- Fiona Baan, from a posthumous tribute published online in 2019
- Born: Fiona Valerie Fulton December 21, 1938 Scotland, U.K.
- Died: June 19, 1994 (aged 55) Chester, New Jersey, U.S.
- Occupation: Equestrian sports administrator

= Fiona Baan =

Scottish-American equestrian

Fiona Valerie Fulton Baan (December 21, 1938 – June 19, 1994) was a Scottish-born American equestrian sports administrator. She was the dressage and driving trainer, manager, and director of the United States Equestrian Team (USET) from 1976 to 1994.

==Early life and education==
Fiona Fulton was born in Scotland, the daughter of James F. Fulton and Edith Agnes Chandler. She became an accomplished horsewoman in the Cotswolds.
==Career==
Baan worked in the hotel industry as a young woman, and traveled internationally in that work. In 1966 became secretary with the United States Equestrian Team, based in New Jersey. She competed in local horse shows in the 1960s and 1970s.
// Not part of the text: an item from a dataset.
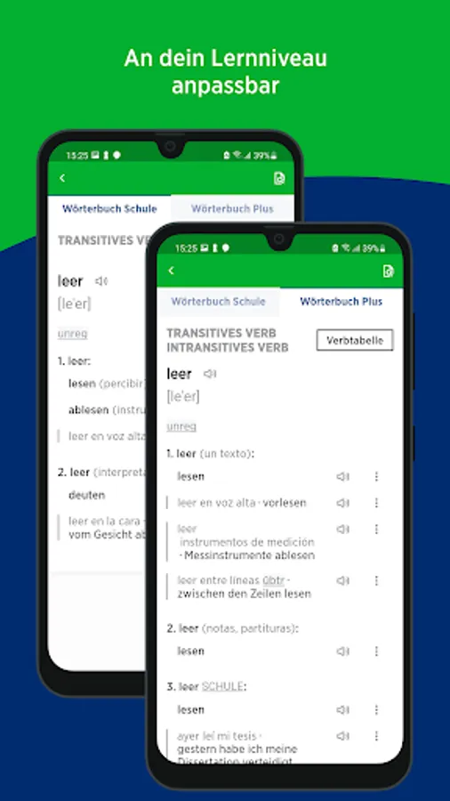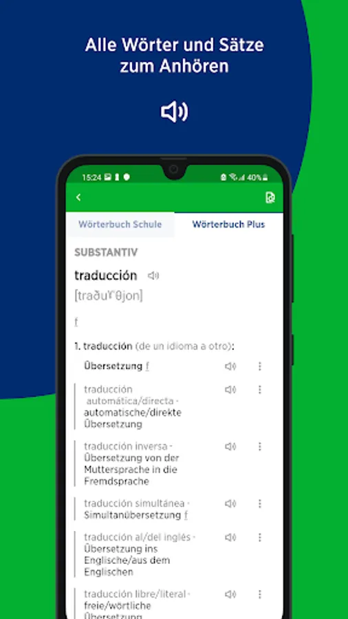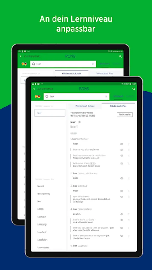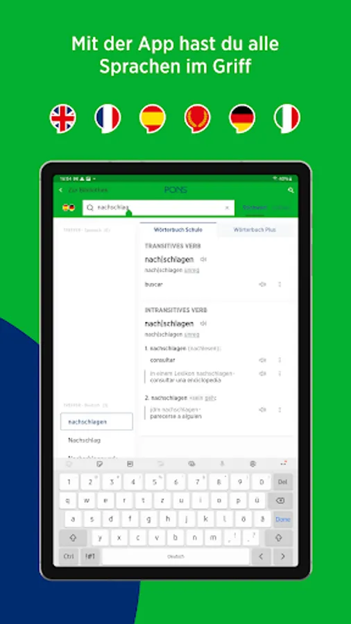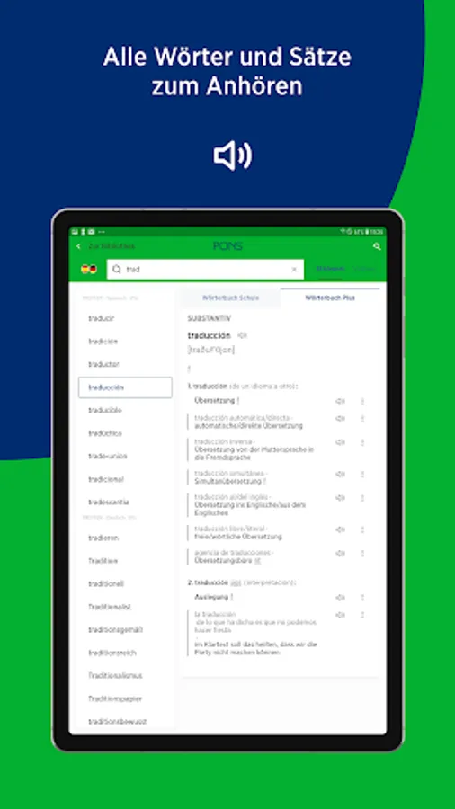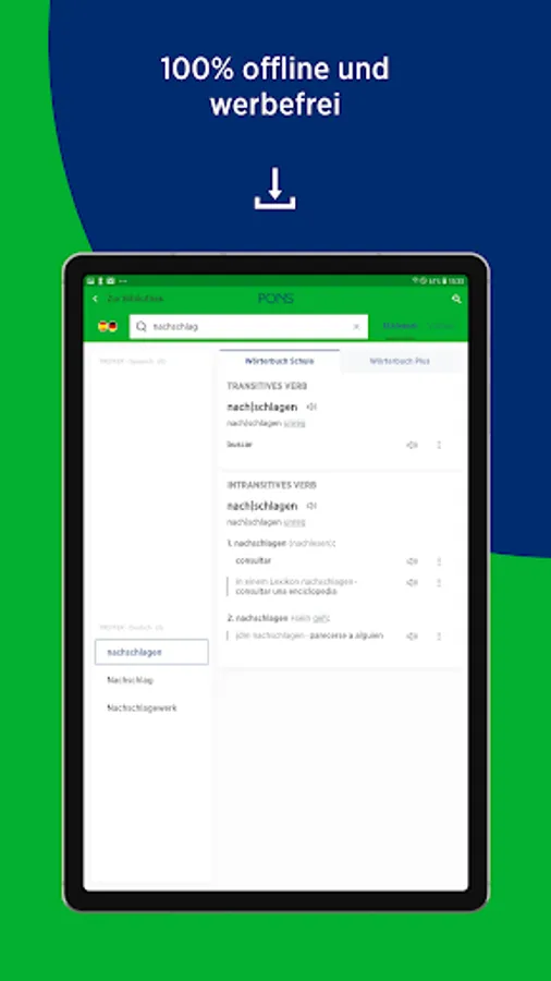 Finding the right translation is not difficult: The PONS app for schools accompanies you from the 5th grade to graduation and contains the vocabulary that you really need at school. Numerous context examples and idioms show you the correct use of language. The perfect help in class and at home with your homework!
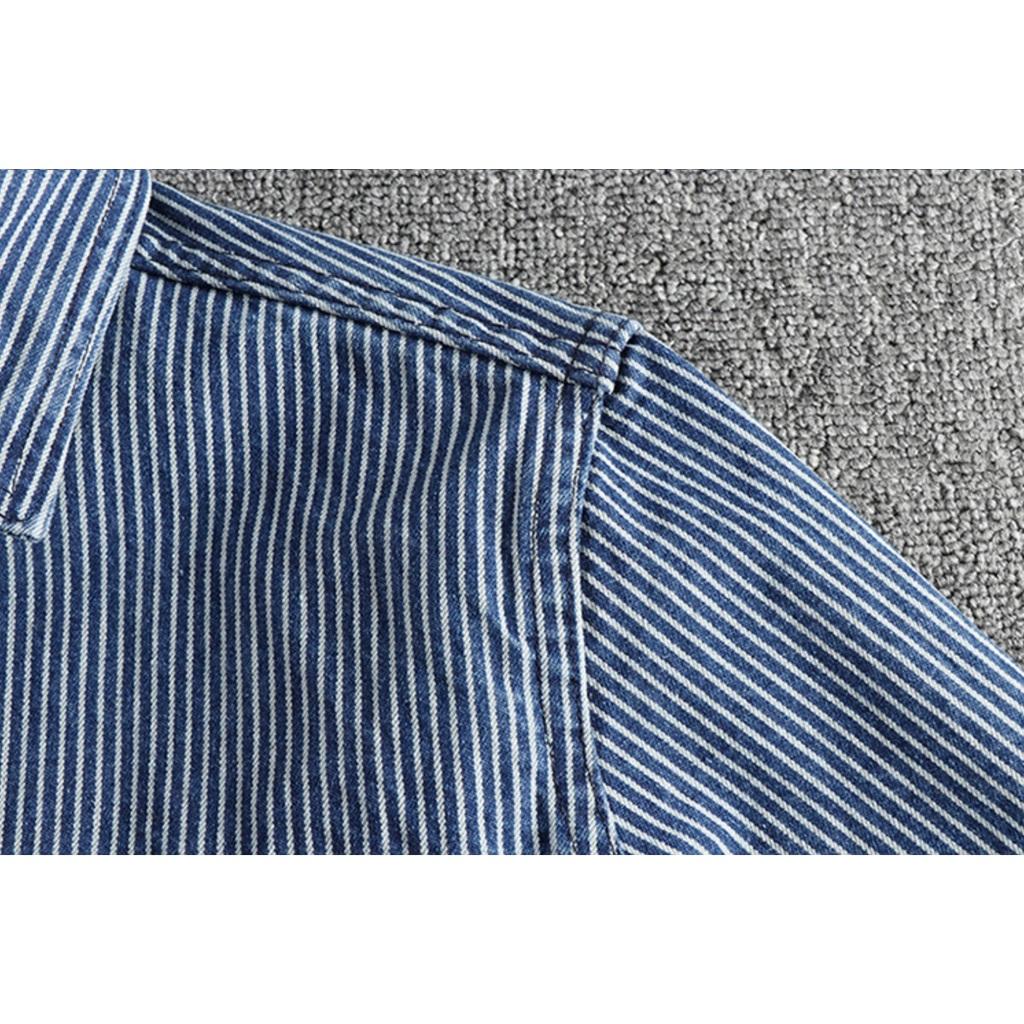 Áo sơ mi denim sọc phong cách Retro_Biker_Army Áo sơ mi Wild Casual Màu đang hot lắm ạ Chất vải denim sọc cực bụi , phom chuẩn mặc rất đẹp ạ Size: M: từ 55-65 kg L: từ 65 - 73 kg XL: từ 73 -80 kg XXL: từ 80 - 87 kg XXXL: trên 87 kg

Baan managed and directed the dressage and driving programs of the United States Equestrian Team from 1976 into 1994. She prepared the athletes and horses for national and international events, including six Summer Olympic Games. At the 1992 Summer Olympics in Barcelona, the American team she directed won a bronze medal in dressage. She judged and organized competitions and training programs at the national and international levels. She also taught dressage clinics. Although ill, she continued working at the USET until the last weeks before her death in 1994.

==Personal life and legacy==
Fulton married Laszlo (Leslie Baan) in 1963, in New Jersey; they had a daughter, Natalie. Baan died in 1994, at the age of 55, from cancer, at her home in Chester, New Jersey. One obituary called her "the grand dame of dressage." The Fiona Baan “Pursuit of Excellence” Memorial Trophy is given annually at the FEI North American Junior and Young Rider Championships. In 2008, she was posthumously inducted into the Roemer Foundation/USDF Hall of Fame.